**ABOUT THIS TASK**
All lines from the one that contains "ろくろを回して粘土の形を整える陶芸パンダきぐるみ娘を作ってみました。" to the end of the data must be retyped exactly. Pictures are not retyped.

**DATA FOR THIS EXERCISE**

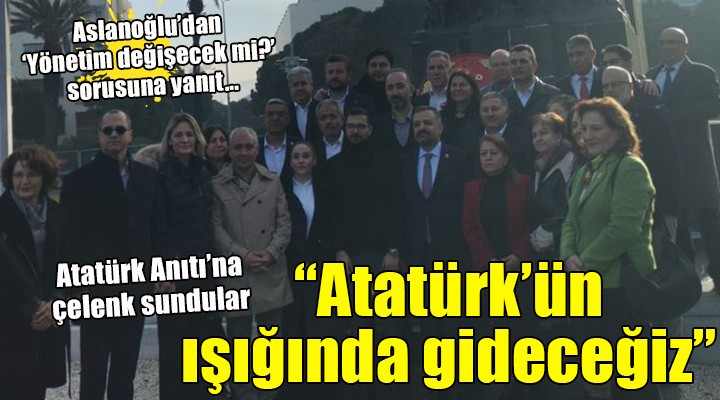 SONKALEİZMİR-CHP İzmir İl Başkanı Şenol Aslanoğlu, CHP İzmir İl Kadın Kolları Başkanı Nurdan Şenkal Uçar ile CHP İzmir Gençlik Kolları Başkanı Burak Kotan, Cumhuriyet Meydanı'ndaki Atatürk Anıtı'na çelenk sundu. Törene CHP İzmir il yöneticileri de katılırken, yeni başkan Aslanoğlu Atatürk'ün ışığında yola devam edeceklerini vurguladı. Aslanoğlu şöyle konuştu:
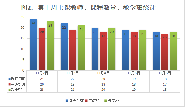 本周30名教师本周累计上课45门,累计上课319节次,总体运行情况见表2。
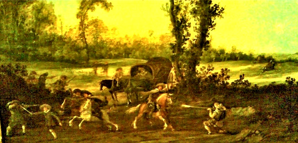 Художник в обвинительно — художественной форме как бы отдает самому себе и мировому сообществу в целом отчет в том, откуда на самом деле растут ноги беспредела, преступности и разбоя. Исторический документ за подписью свидетеля, гр. Esaias van de Velde хранится в фондах музея обезображенного искусства им. А.С. Пушкина в Москве (инв. № 2025) в качестве вещественного доказательства западноевропейского происхождения порока вооруженного разбоя на большой дороге мировой цивилизации.
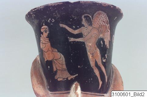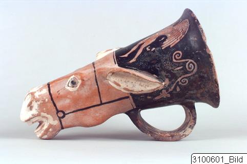 • Everted rim; wide neck; body in the shape of a donkey’s head with plastic ears, mane, eyes, nostrils and mouth; vertical band handle with raised sides from neck to mid-body. Red clay; ochre wash; black glaze; white and red paint. Interior black down to lower body; rim, neck and handle black; seated woman and Eros on one side of neck; tendrils on both sides of handle; bridle painted in black; eyes ... Visa hela
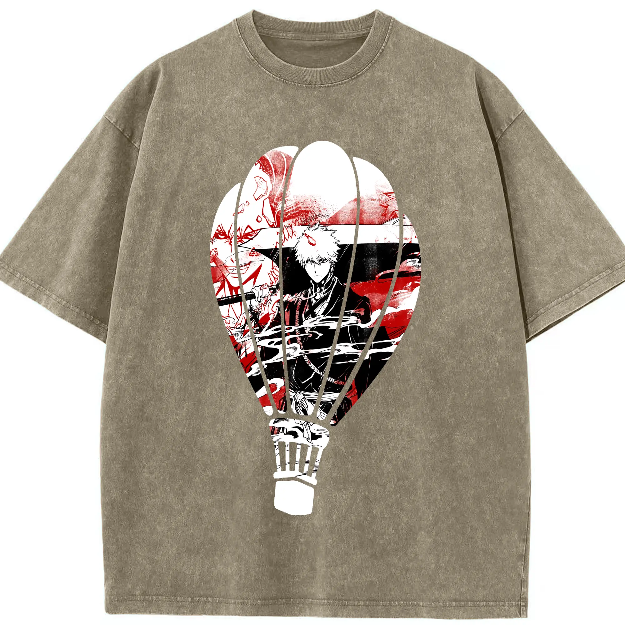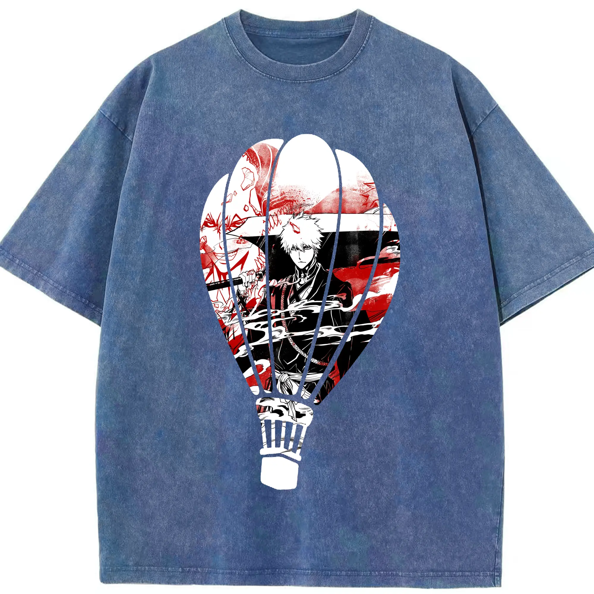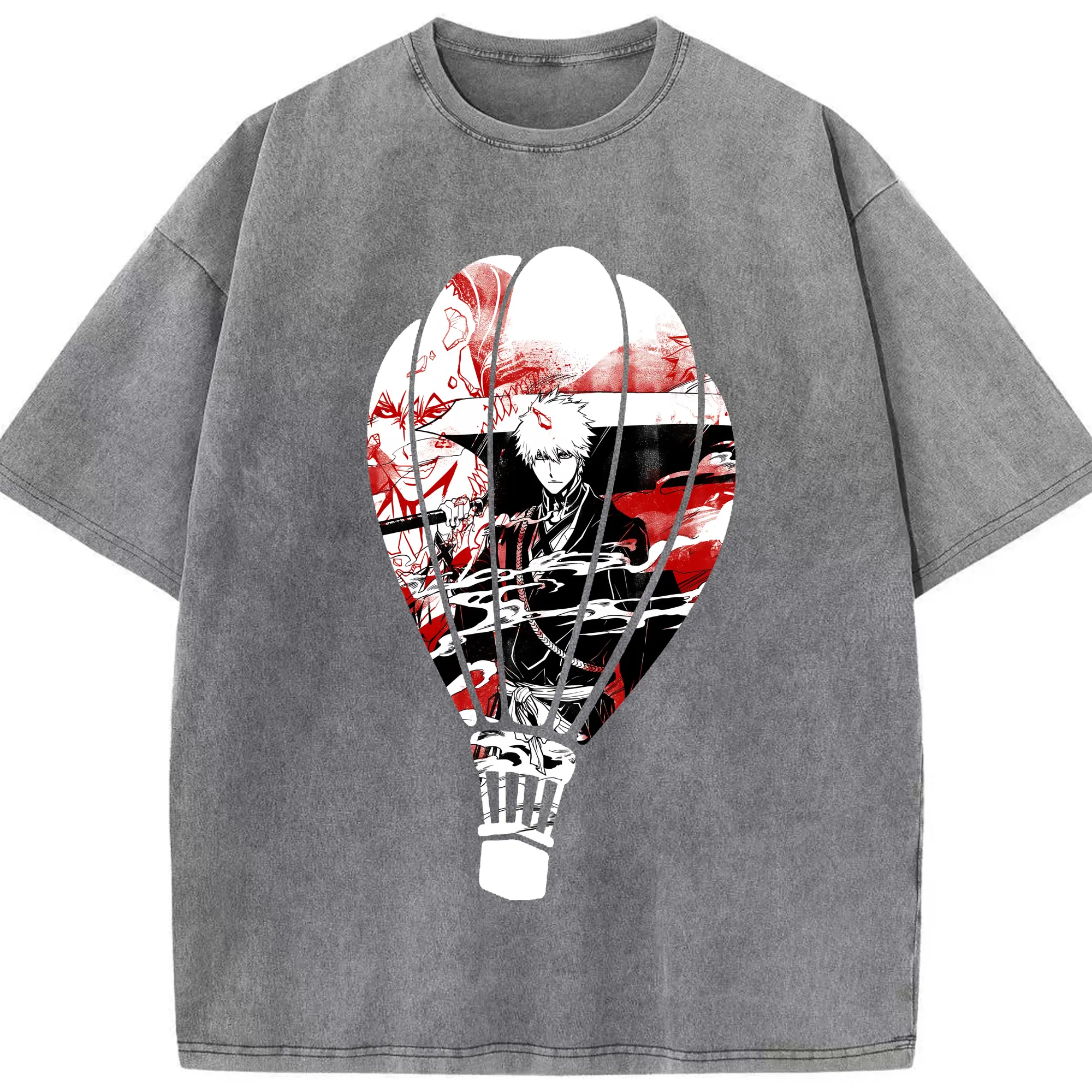 ブリーチ グッズ 黒崎 一護 - 綿100% ヴィンテージ風 半袖Tシャツ ・ 背面プリント ・ 柔らか肌触り ・ 通気性 快適 ・ スポーツ カジュアル 外出用
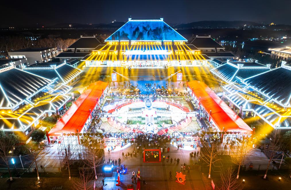2月12日拍摄的湖北省博物馆“钟鸣楚天元宵夜”灯会活动(无人机照片)。新华社记者 肖艺九 摄
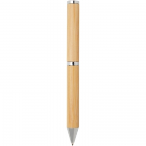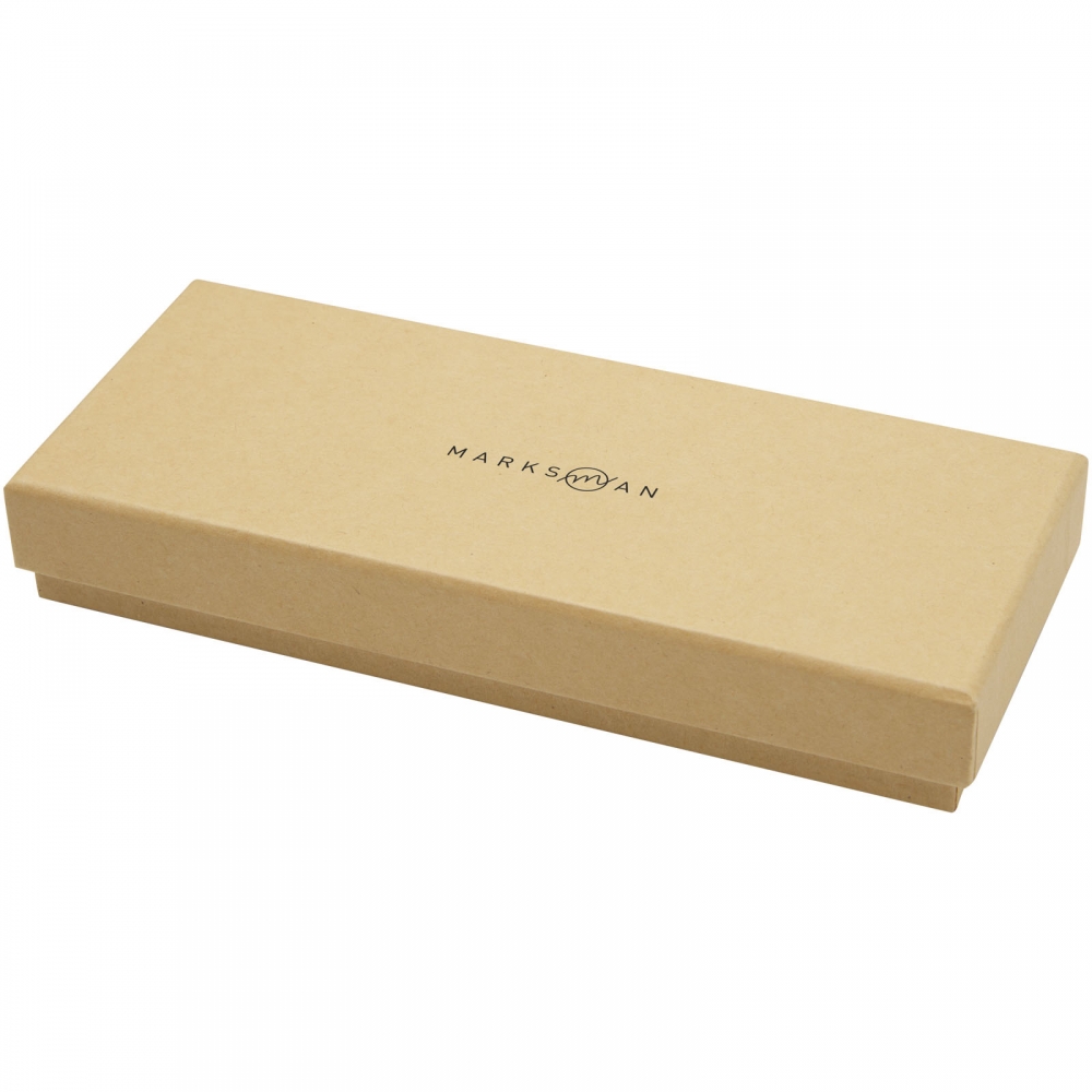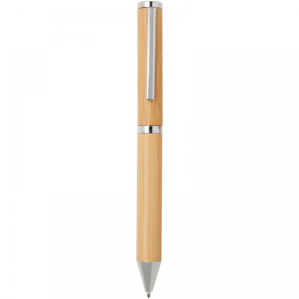 Artikel-Nr: CPO10783306Präsentset bestehend aus einem Kugelschreiber und einem Tintenroller mit Stifthülsen aus Bambus. Bambus ist ein erneuerbarer Rohstoff und eine nachhaltigere Wahl für die Herstellung von Stiften. Alle anderen Bestandteile dieses Stiftsets sind aus glänzend verchromtem, recyceltem Messing gefertigt. Durch das Recycling von Messing wird der Bedarf an der Gewinnung und Veredelung neuer Rohstoffe verringert, was die natürlichen Ressourcen schont. Mit dem Kauf eines Stiftsets mit Stifthülsen aus Bambus und recyceltem Messing unterstützen Sie nachhaltige Beschaffungs- und Recyclingpraktiken. Diese Kombination ermöglicht es Ihnen, Schreibgeräte zu verwenden, die zugleich stilvoll und umweltbewusst sind. Geliefert in einer Schachtel aus Kraftpapier mit gelber Seidenschleife. Tintenfarbe des Stifts: Schwarz. Box Größe: 16,8 x 7 x 2,7 cm.
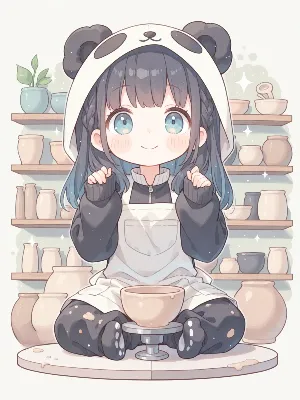 ろくろを回して粘土の形を整える陶芸パンダきぐるみ娘を作ってみました。
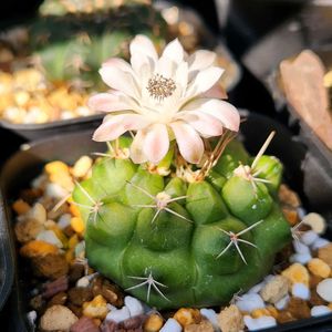 こんにちは😊 以前、ホムセンにて購入した三兄弟の中の1つ。 お名前が不明な🌵さん、お花が咲きましたぁー😊 あら👀? 初めてみるお花かも😅 中が黒いの🙄??? この子は誰ですかぁー😅😅😅? わかる方居ますかぁー? 麗蛇丸??かな🤔?

**THE COMPLETED TASK**
 ろくろを回して粘土の形を整える陶芸パンダきぐるみ娘を作ってみました。
 こんにちは😊 以前、ホムセンにて購入した三兄弟の中の1つ。 お名前が不明な🌵さん、お花が咲きましたぁー😊 あら👀? 初めてみるお花かも😅 中が黒いの🙄??? この子は誰ですかぁー😅😅😅? わかる方居ますかぁー? 麗蛇丸??かな🤔?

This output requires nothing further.